Now that midterms are over everyone is celebrating, so Clarke let’s Bellamy, a footballer and friend on her course, drag her to a house party. He is kind and quite and soft-spoken and basically the exact opposite of what most people assume about him and it’s kind of why she loves him.

He thrusts a solo cup into her hand and she trusts him so she sips from it immediately. There’s music blaring from speakers that she can’t see, and more people than she be allowed in a house this size. They’re mostly tall athletic people around her and Clarke feels a little out of place. Bellamy explains then that it’s mostly people on sport teams here and she gets it.

Clarke really shouldn’t have been surprised then, when an hour later on her way back from the bathroom she bumps into someone by accident and it’s Lexa. Because of course the world was just that ironic.

Clarke trips into her and she falls into her friend who asks, “You ok Lexa?” and she nods before turning to her attacker.

“It’s you,” Lexa states, her gaze hardening.

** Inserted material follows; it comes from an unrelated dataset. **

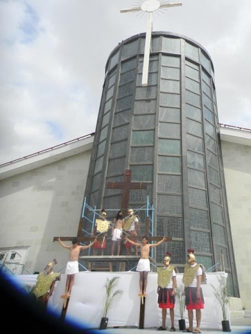 Inició a las 10:00 horas en el cruce de esta avenida con Ruiz Cortines, y terminó más de dos horas después en la catedral del Espíritu Santo, en donde unas 500 personas estuvieron atentas desde el inicio de esta representación, la primera para Marcos, y la quinta para el obispo Gustavo Rodríguez Vega, quien asumió el cargo el 19 de noviembre del año 2008.

“It was an accident.” Clarke says.

“You spilt my beer.”

“Can’t you say anything nice?”

“Nope.” Lexa crosses her arms over her chest. Clarke fights the urge to look at the rise of her breasts.

“I’m not going to say I’m sorry.”

“Neither am I.”

“The kitchen’s this way.”

“Huh?” Lexa says, confused.

“You probably want another beer, right?” Clarke shrugs. “Whatever, I’m going to get another drink anyway.”

She’s slightly surprised when Lexa follows her because she really thought Lexa would go back to ignoring her, but she feels her presence behind her as she weaves her way through the crowd of horny teens and young adults to get to the kitchen.

It’s not much quieter in there, but there’s slightly more space and most importantly there’s alcohol.

Clarke reaches into an ice bucket and pulls out two cans of beer, handing one to Lexa and opening the other for herself.

“Cheers,” Lexa states, raising her can slightly.

She goes to take a sip but stops when Clarke asks, “What are we cheers-ing to?”

Lexa shrugs, “Me hating you slightly less for getting me this beer?” she suggests lightly and Clarke laughs.

“Sure.”

They tap their cans together and drink, eyeing each other over the tops of their cans.

“You know, you say you hate me, but you don’t know me. You don't even know my name,” Clarke says.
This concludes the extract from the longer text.